[Records from a collection]
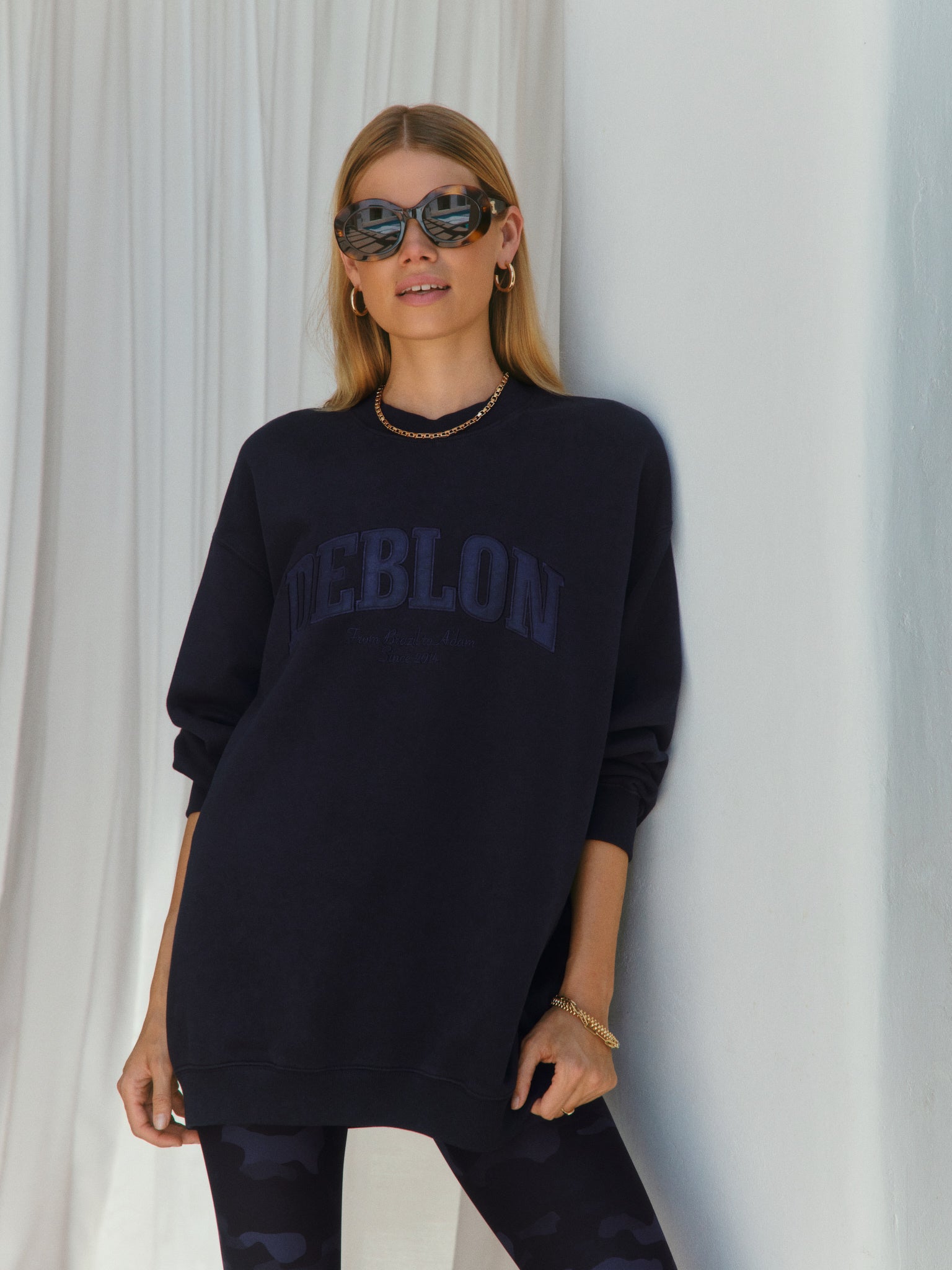 Hitting generously below the hip, our Navy Phoebe Sweater is the ideal sidekick for slim-fit leggings. The soft-touch fleeceback jersey in 100% cotton is all-season proof. Popped over a sleek sports top, transforming workout looks to fashion looks is a no-brainer.
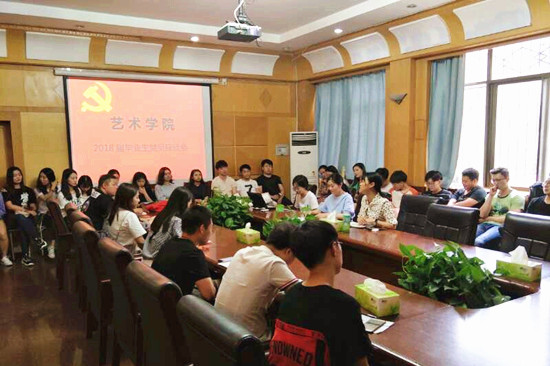 5月29日下午,艺术学院2018届毕业生党员座谈会在艺术学院一楼会议室成功举行,艺术学院党委副书记刘迎红,党委办公室主任马利霞和2018届73名本科毕业生党员参加了此次座谈会。座谈会由艺术学院本科生第二党支部书记、2018届毕业生辅导员靳利粉主持。
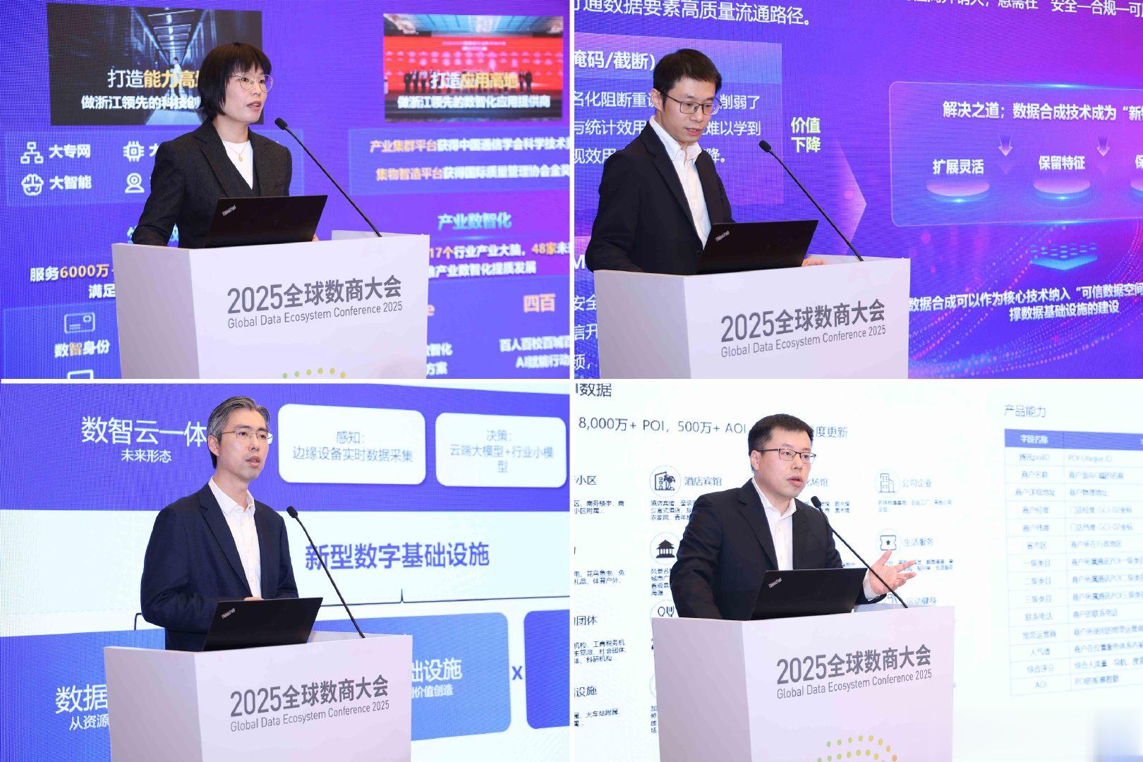 浙江移动数智科技有限公司交通行业总监袁晓苏,讲述了浙江移动基于通信网络和数据智能技术,打造新质生产力,促进低空产业发展的实践探索。亚信科技移动数网事业部数智产品开发部总经理梅珂夫,介绍了“数据合成技术”这把打开公共数据安全流通大门的“新钥匙”。阿里云政企事业部上海公司解决方案总经理张振华,全面解析了“数智云融合”对数据要素价值发掘的重大意义。腾讯云高级产品经理李欣,带来“LBS大数据赋能营销实践”的经验分享。
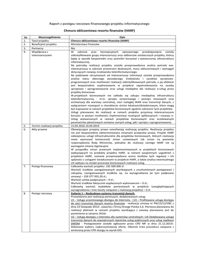 Raport z postępu rzeczowo-finansowego projektu informatycznego Chmura obliczeniowa resortu finansów (HARF) Lp. 1. 2. Wyszczególnienie Tytuł projektu Beneficjent projektu Opis Chmura obliczeniowa resortu finansów (HARF) Ministerstwo Finansów 3. 4. Partnerzy Współpraca z interesariuszami 5. 6. Termin realizacji projektu Akty prawne 7. Postęp finansowy 8. Postęp rzeczowy Nie W zakresie prac koncepcyjnych opisywanego przedsięwzięcia zostały zidentyfikowane grupy interesariuszy oraz odbiorców ostatecznych projektu, którzy będą w sposób bezpośredni oraz pośredni korzystać z wytworzonej infrastruktury informatycznej. Na potrzeby realizacji projektu została przeprowadzona analiza potrzeb ww. interesariuszy w zakresie przestrzeni dyskowych, mocy obliczeniowych i wymagań dotyczących rozwoju środowiska teleinformatycznego. Na podstawie otrzymanych od interesariuszy informacji została przeprowadzona analiza stanu obecnego posiadanego środowiska i zasobów sprzętowoprogramowych oraz możliwości realizacji zidentyfikowanych potrzeb, a jej efektem jest bezpośrednie zaadresowanie w projekcie zapotrzebowania na zasoby sprzętowe i oprogramowanie oraz usługi niezbędne dla realizacji e-usług przez projekty biznesowe. W projektach biznesowych nie zakłada się zakupu niezbędnej infrastruktury teleinformatycznej - m.in. sprzętu serwerowego i pamięci masowych oraz archiwizacji dla warstwy centralnej, sieci rozległej WAN oraz transmisji danych, z wyłączeniem rozwiązań o charakterze stricte lokalnym/dziedzinowym, które mogą być kupowane w ramach projektów biznesowych zgodnie zakresem tych projektów. Usługi planowane do realizacji w ramach projektu przyniosą interesariuszom korzyści w postaci możliwości implementacji rozwiązań aplikacyjnych i rozwoju eUsług wytwarzanych w ramach projektów biznesowych oraz oczekiwanych parametrów jakościowych zarówno samych usług, jaki i sprzętu i oprogramowania. 15.04.2016-14.04.2019 Obowiązujące przepisy prawa umożliwiają realizację projektu. Realizacja projektu nie jest bezpośrednio zdeterminowana zmianami przepisów prawa. Projekt HARF zabezpiecza usługi infrastrukturalne dla projektów biznesowych, których realizacja może wymuszać konieczność zmian ustawowych lub zmian na poziomie rozporządzenia Rady Ministrów, jednakże do realizacji samego HARF nie są wymagane zmiany legislacyjne. W przypadku zmian prawnych implementowanych w projektach biznesowych wpływających na produkty projektu HARF, w ramach wzajemnych uzgodnień z projektem HARF, zostanie przeprowadzona ocena skutków tych regulacji i ich spójności z usługami świadczonymi w projekcie HARF, a także analiza ewentualnego ich wpływu na model procesów biznesowych realizacji usług. Całkowita wartość projektu: 192 500 000 zł. Wartość środków zaangażowanych wynikających z uruchomionych postępowań i zakupów, zaangażowanych środków np. na wynagrodzenia (w tym podpisane umowy) – 159 377 955,20 zł.; Wartość umów podpisanych – 0 zł.; Wartość środków faktycznie wypłaconych wykonawcom – 0 zł.; Całkowitą wartość wydatków poniesionych w projekcie (uwzględniających wynagrodzenia i inne koszty związane z realizacją projektu) – 0 zł. Zadanie 1 – Rozbudowa systemu transmisji danych. Przewidziana jest realizacja poniższych, dedykowanych usług: U1 - Usługa anonimowego dostępu do Internetu i U3 – Profilowana usługa dostępu do sieci transmisji danych resortu finansów - realizacja umowy nr PN/13/12/VBC z dnia 23 listopada 2012r. zawartej z firmą Orange Polska S.A. Pierwsza planowana do realizacji płatność w ramach projektu wynikająca z umowy planowana jest do poniesienia w sierpniu 2016r. U2 - Usługa dostępu z Internetu dla systemów centralnych i U4 Dedykowana usługa transmisji danych do zewnętrznych rejestrów usług publicznych oraz usług replikacji DWDM - Postępowanie zostało ogłoszone przez CPD MF w dniu 21.12.2015r. Dokonano wyboru najkorzystniejszej oferty. Obecnie trwa procedura związana z wniesioną przez CPD skargą na wyrok KIO. Zadanie 2 – Rozbudowa centralnej chmury obliczeniowej resortu finansów. Przewidziana jest realizacja poniższych, dedykowanych usług: Usługa 5 - Usługa odtworzenia po katastrofie dla kluczowych usług elektronicznych resortu finansów (DR) - Postępowanie zostało ogłoszone przez CPD MF w dniu 18.01.2016r. Obecnie trwa udzielanie odpowiedzi na pytania i wynikające z tego modyfikacje SIWZ. Usługa 6 - Usługi migracji systemów do CPD MF -. Zadanie prowadzone jest w dwóch częściach. Pierwsza część obejmująca systemy niejawne obecnie jest na etapie aktualizacji SIWZ. Postępowanie zostało ogłoszone przez MF w dniu 05.02.2016r. Druga część w zakresie systemów jawnych jest obecnie na etapie przygotowywania Założeń dotyczących Zamówienia oraz doprecyzowaniu OPZ. Usługa 7 - Usługa zintegrowanego środowiska teleinformatycznego dla nowych rozwiązań biznesowych – Postępowanie zostało ogłoszone przez CPD MF w dniu 29.12.2015r. Zadanie prowadzone jest w trzech częściach z czego dwie części zamówienia są obecnie na etapie udzielania odpowiedzi wykonawcą oraz wprowadzania modyfikacji SIWZ, natomiast trzecia część na etapie zawierania Umowy z wybranym Wykonawcą. Usługa 14 - Usługa kolokacji dla działań pilotażowych - Postępowanie zostało ogłoszone przez CPD MF w dniu 14.12.2015r. Obecnie postępowanie jest na etapie zawierania umowy z wybranym Wykonawcą. Usługa 15 - Rozbudowane CPD MF - Planowane ogłoszenie postępowania przypada na sierpień 2016r. Zadanie 3 – Budowa, reorganizacja i centralizacja narzędzi informatycznych w resorcie finansów. Przewidziana jest realizacja poniższych, dedykowanych usług: Usługa 8. Usługa wirtualnej stacji roboczej użytkowników Ministerstwa Finansów Postępowanie zostało ogłoszone dnia 22.12.2015r. Obecnie postępowanie jest na etapie aktualizacji SIWZ. Usługa 9. Us
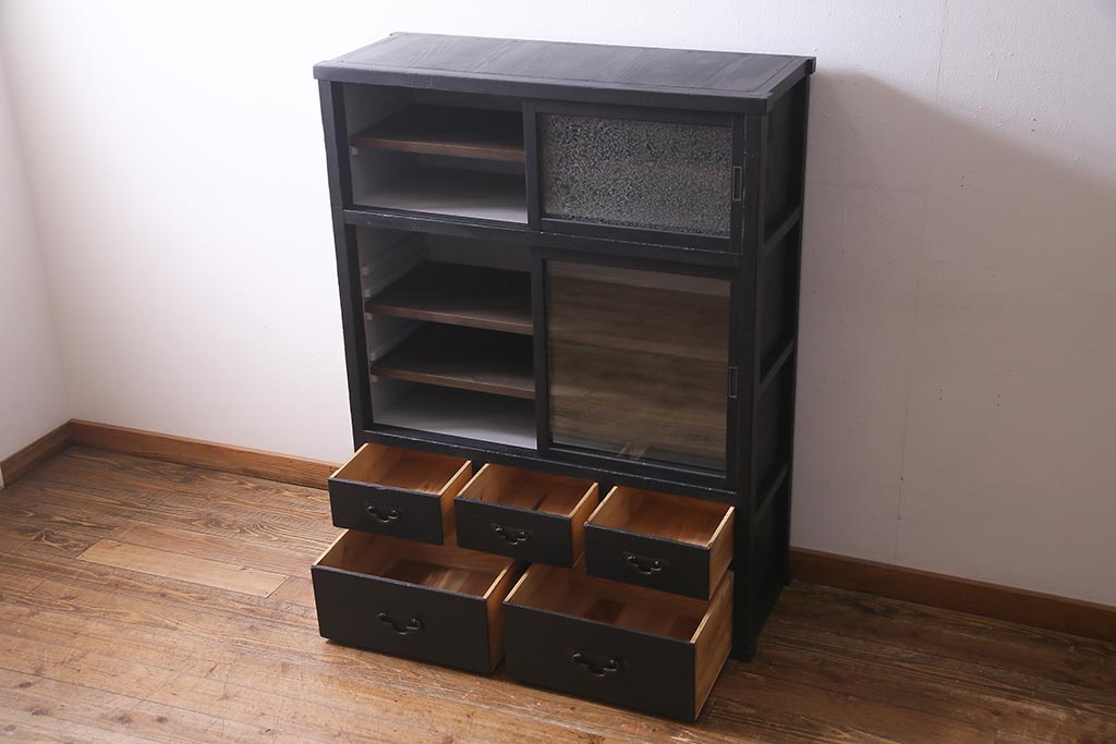 キャビネット・戸棚 > アンティーク家具 和製アンティーク 結霜ガラス入りのノスタルジックなキャビネット(戸棚、収納棚)(R-038266)
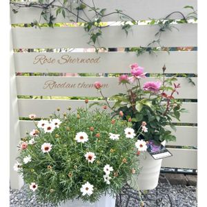 ✽.。.:*・゚ 🌼🍃ローダンセマム✽.。.:*・゚ ①②バラ🌹シャーウッドとクレマチス流星の蕾と記念撮影です♪ 今日、ローダンセマムを花壇に植え付けしようと思います ③クリスマスローズを半日陰に移動したので玄関前を模様替えしました。白い小花は、ヒメウツギで挿し木から10年以上植えっぱなしの鉢植えです😅 🌼🍃✽.。.:*・゚ ✽.。.:*・゚ ✽.。.:*・゚ ✽.。.:
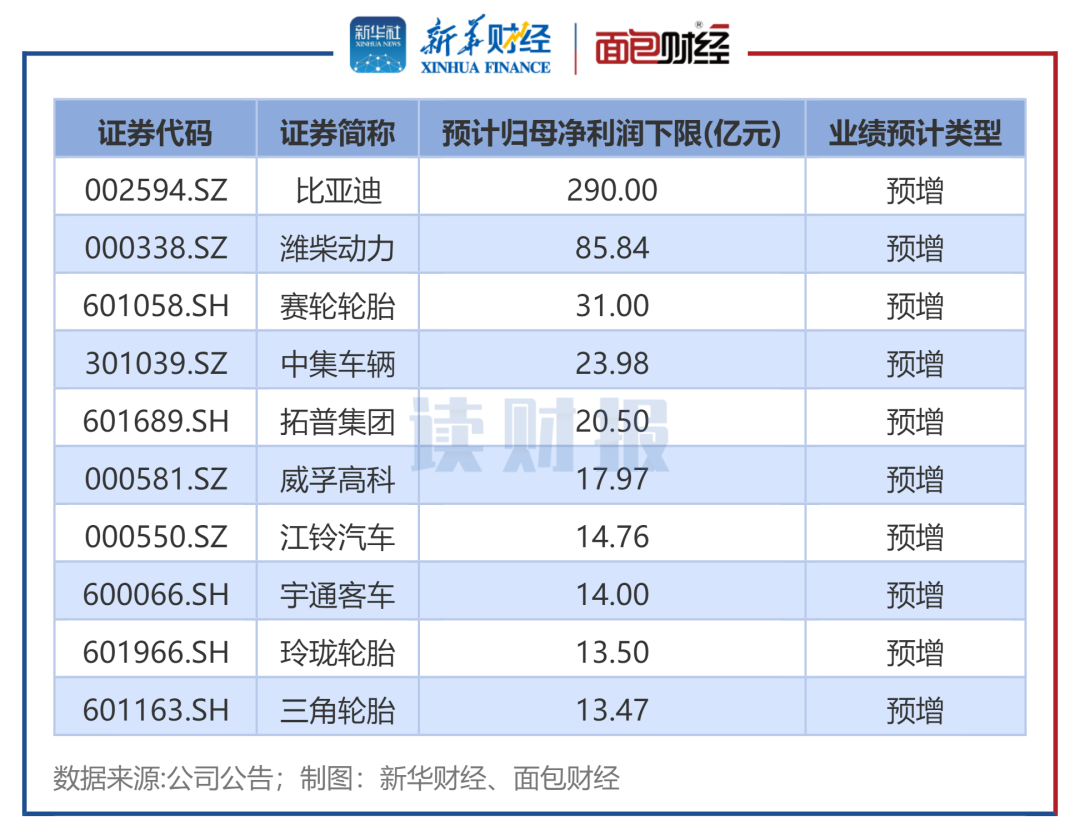 以预告归母净利润下限统计,14家公司预计归母净利润超过10亿元。其中,比亚迪的预告归母净利润下限为290亿元,位列第一;潍柴动力的预告归母净利润下限为85.84亿元,位列第二;赛轮轮胎、中集车辆、拓普集团的预告归母净利润均超20亿元。
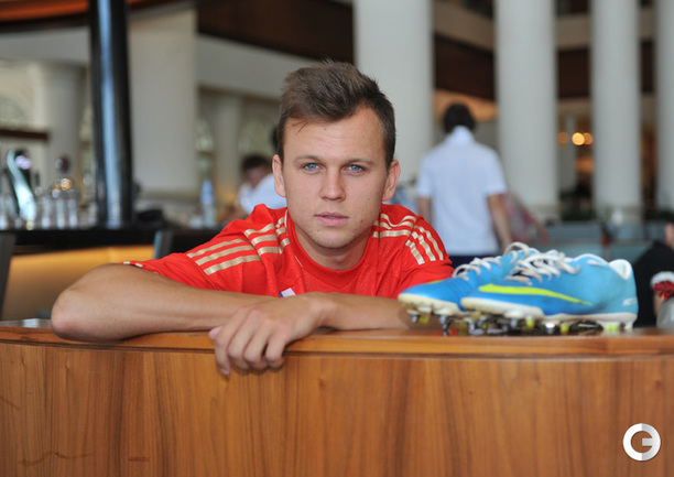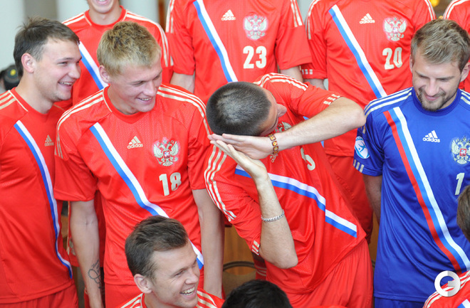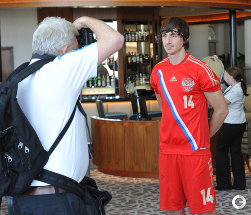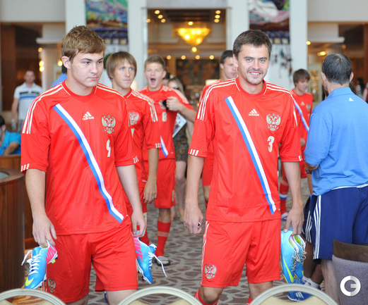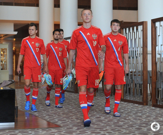 Футболисты молодежной сборной России сфотографировались для официального буклета УЕФА накануне старта европейского первенства в Израиле. Фото - Татьяна Дорогутина, "СЭ"

TASK DIRECTIONS ->
From the first line of the records through the line with "浙江移动数智科技有限公司交通", reproduce each line exactly and leave the pictures out.

EXERCISE RESPONSE ->
 Hitting generously below the hip, our Navy Phoebe Sweater is the ideal sidekick for slim-fit leggings. The soft-touch fleeceback jersey in 100% cotton is all-season proof. Popped over a sleek sports top, transforming workout looks to fashion looks is a no-brainer.
 5月29日下午,艺术学院2018届毕业生党员座谈会在艺术学院一楼会议室成功举行,艺术学院党委副书记刘迎红,党委办公室主任马利霞和2018届73名本科毕业生党员参加了此次座谈会。座谈会由艺术学院本科生第二党支部书记、2018届毕业生辅导员靳利粉主持。
 浙江移动数智科技有限公司交通行业总监袁晓苏,讲述了浙江移动基于通信网络和数据智能技术,打造新质生产力,促进低空产业发展的实践探索。亚信科技移动数网事业部数智产品开发部总经理梅珂夫,介绍了“数据合成技术”这把打开公共数据安全流通大门的“新钥匙”。阿里云政企事业部上海公司解决方案总经理张振华,全面解析了“数智云融合”对数据要素价值发掘的重大意义。腾讯云高级产品经理李欣,带来“LBS大数据赋能营销实践”的经验分享。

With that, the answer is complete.